“I was totally fine”. My eyes were wet as I held back tears. I explained to my husband, “when I wear my running stuff I feel safe. It’s like my armour.” I had just returned from a 5.6km run (the .6 is very important – you know it fellow runner). A run alone in the dark. I ran because I wanted to. I ran because I could. It wasn’t part of any training plan. I just really wanted to run.
Safety first obviously so I had been wearing a ridiculous amount of reflective gear along with a light up flashing armband. Hello! Coming through! All I needed was a siren and I’m pretty sure I could have parted traffic. I didn’t wear headphones to allow me to focus fully on my surroundings. I could notice the sounds and the smells. Running in the dark smells differently to running in the daytime. It totally does! I swear!!! Anyway I arrived home, flopped on the sofa (no stretching – naughty!) and launched into that post-run yabbering away thing. You know where you discuss each step in great detail? …so then I saw this…then I was wondering that…and I felt like…etc etc. It was during this conversation that the husband asked me if I had been ok running alone in the dark. I already knew the answer to this as I’d been pondering it during the run; yes. Yes I felt fine. Not afraid.

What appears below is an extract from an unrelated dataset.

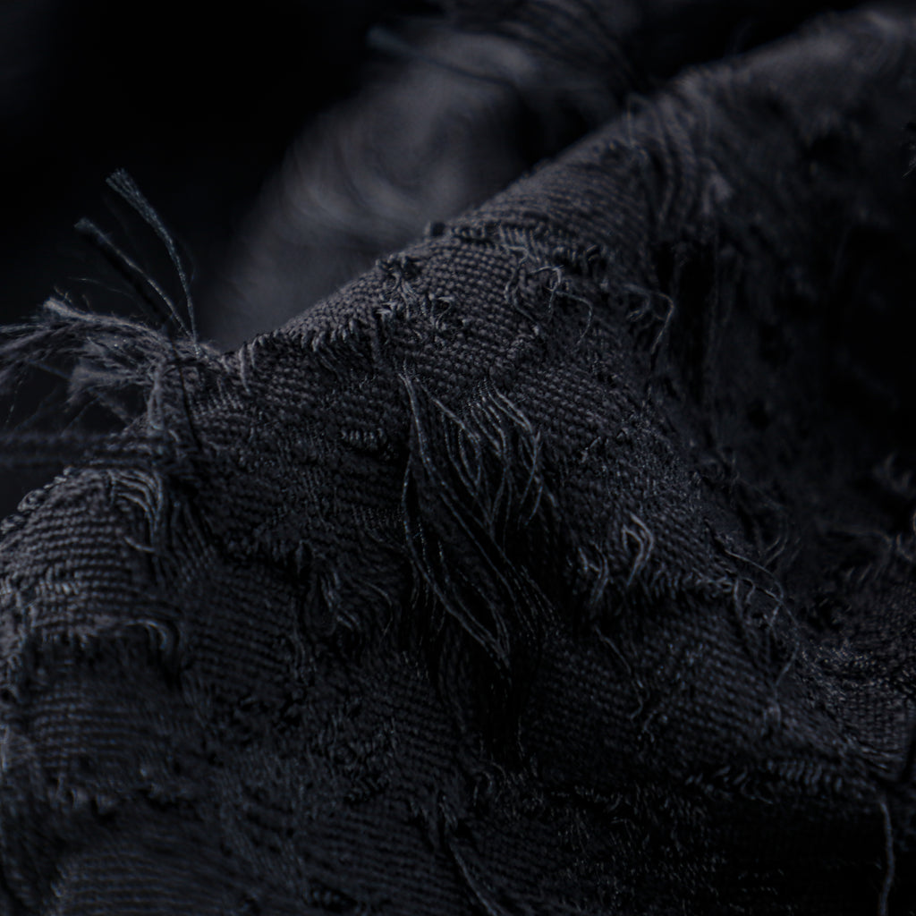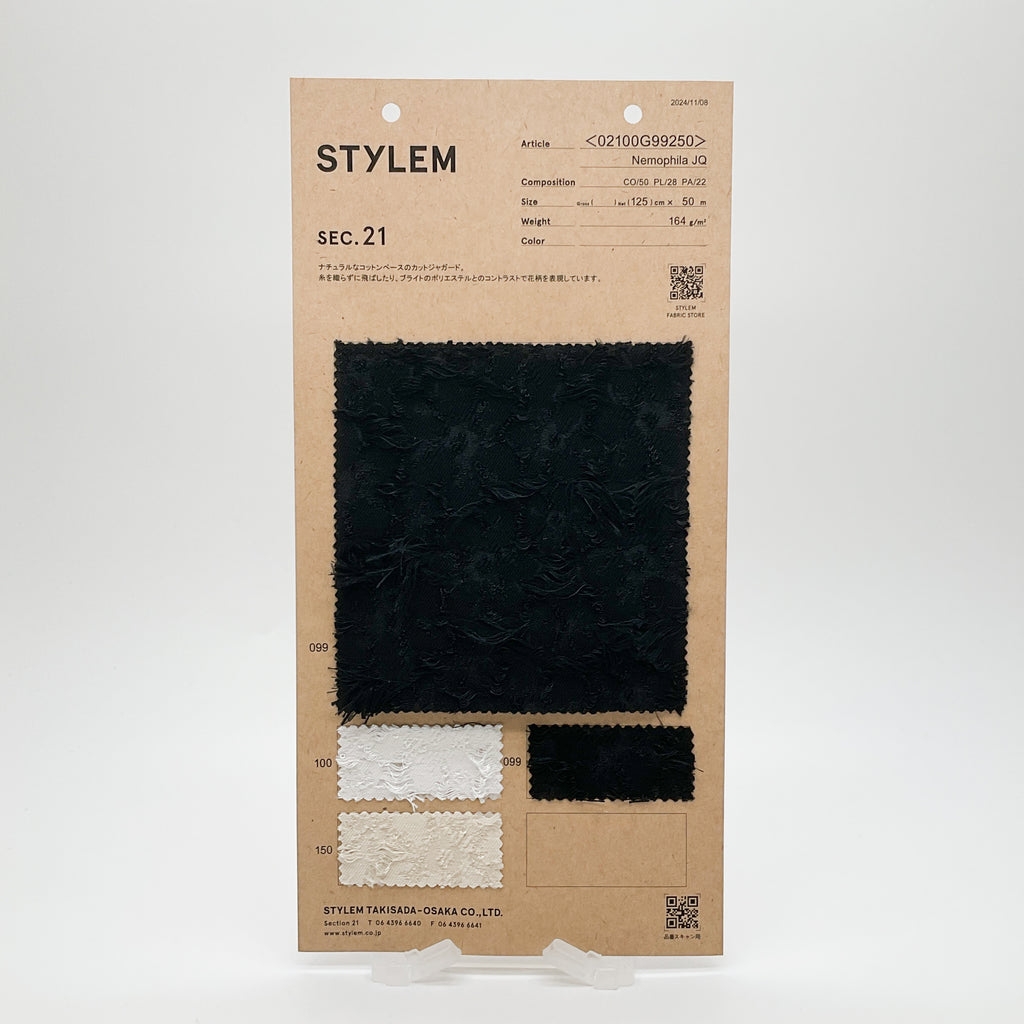 ナチュラルなコットンベースのカットジャガード。 糸を織らずに飛ばしたり、ブライトのポリエステルとのコントラストで花柄を表現しています。
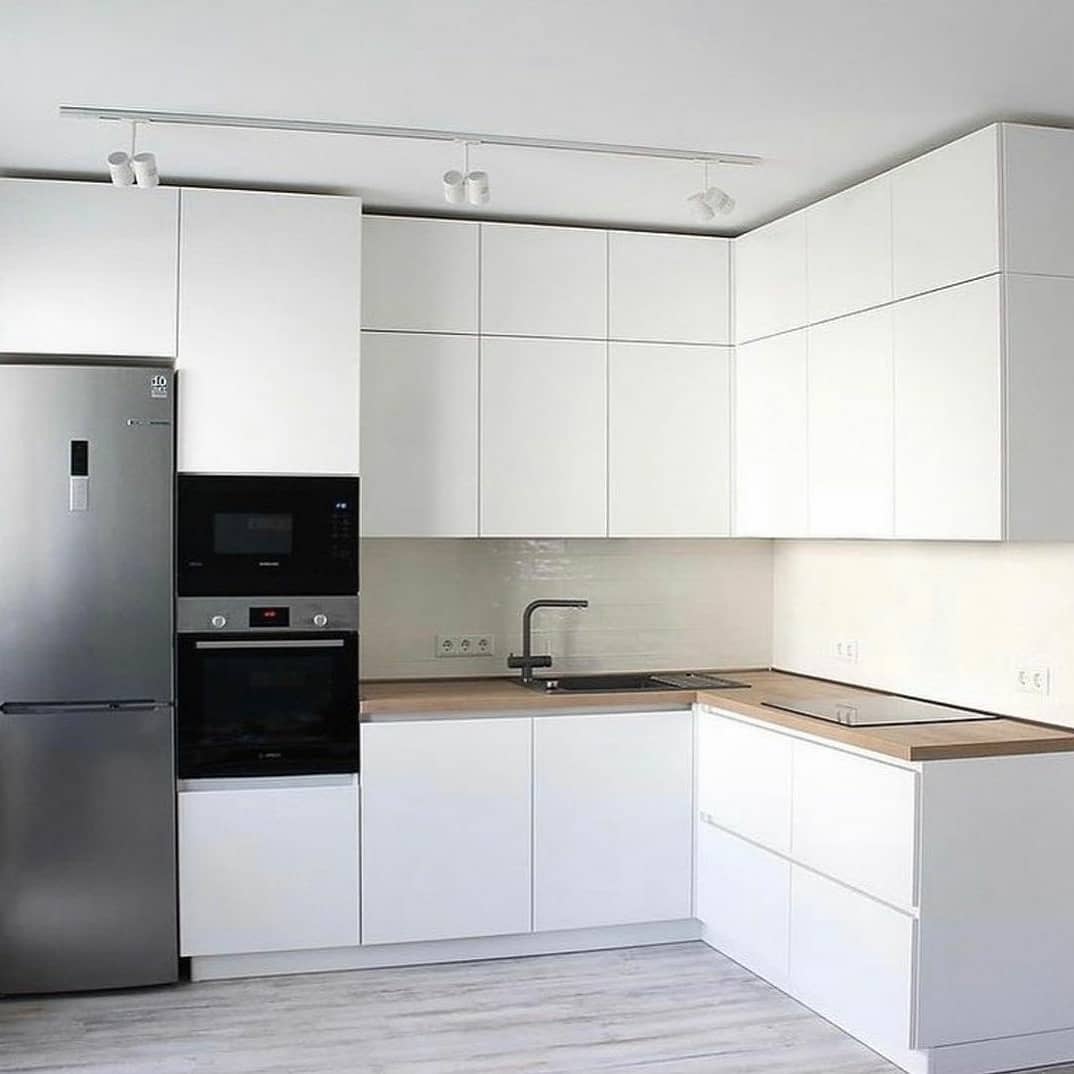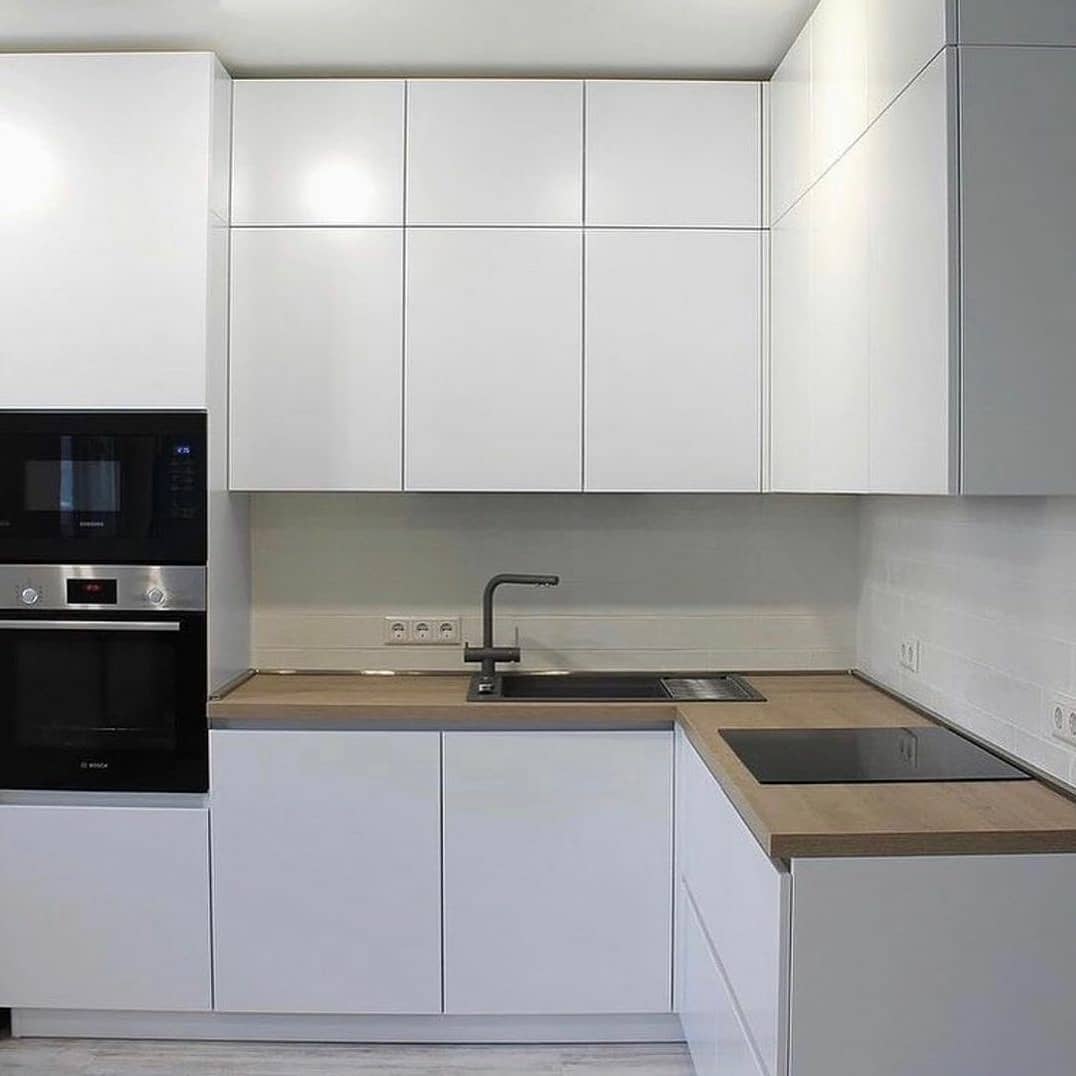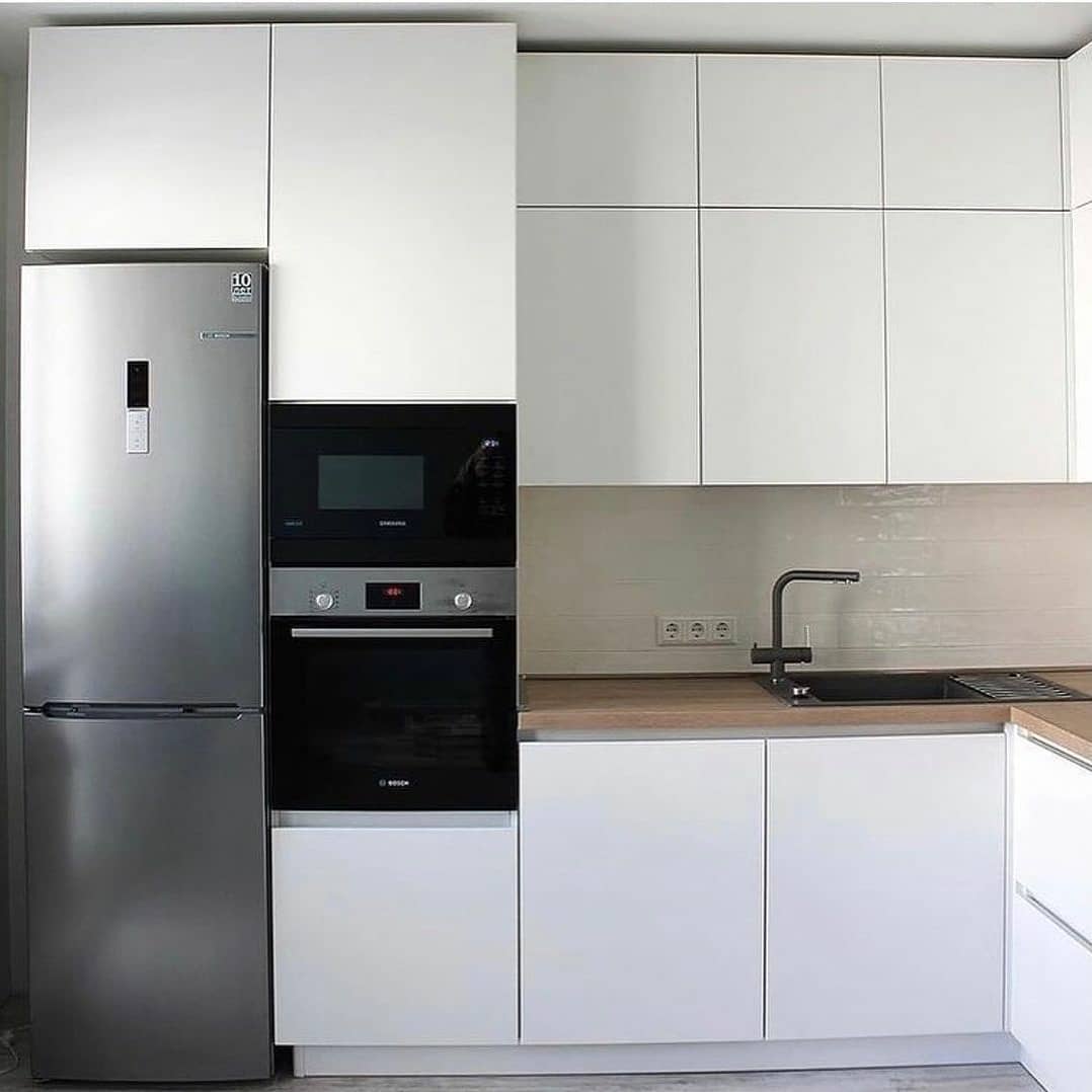 Угловая кухня со светлыми фасадами без ручек. Ниши для техники. Подсветка рабочей зоны.

I started to explain to him and found myself choking back tears. “When I wear my running stuff I feel safe. My running gear is like my armour”. I was feeling intense, yet different, emotions simultaneously. This is why Borderline Personality Disorder is also called Emotionally Unstable Personality Disorder (EUPD). Emotionally unstable? Yeah, just a bit!
Part of me was bursting with happiness and pride (remember extreme emotions so very happy = tears). I was just so pleased by Runner Kate’s achievements and, seeing as I am Runner Kate, I guess that meant my own achievements. Cool.
Don’t get me wrong I still feel fear when Lycra clad. The difference is that the fear doesn’t overwhelm me, it doesn’t stop me from functioning, I can work through it. That’s Runner Kate. I like her. Oh my god I like something about myself. That’s huge.
So, when I put my running stuff on, it brings out the good things that already exist within me, they just need a bit of help to show themselves. In my running gear I feel stronger, I feel powerful, I feel like the person I want to be. Undoubtedly my running kit is my armour. It is not a costume, I am not pretending to be someone I am not. The Lycra me is the real me. Now, I wonder if I can convince the husband that I need some more???
PS I ain’t going to lie; this is the second time I wrote this post. The first one completely disappeared and it was better than this version but suck it up people! WordPress crashes – yargh!!!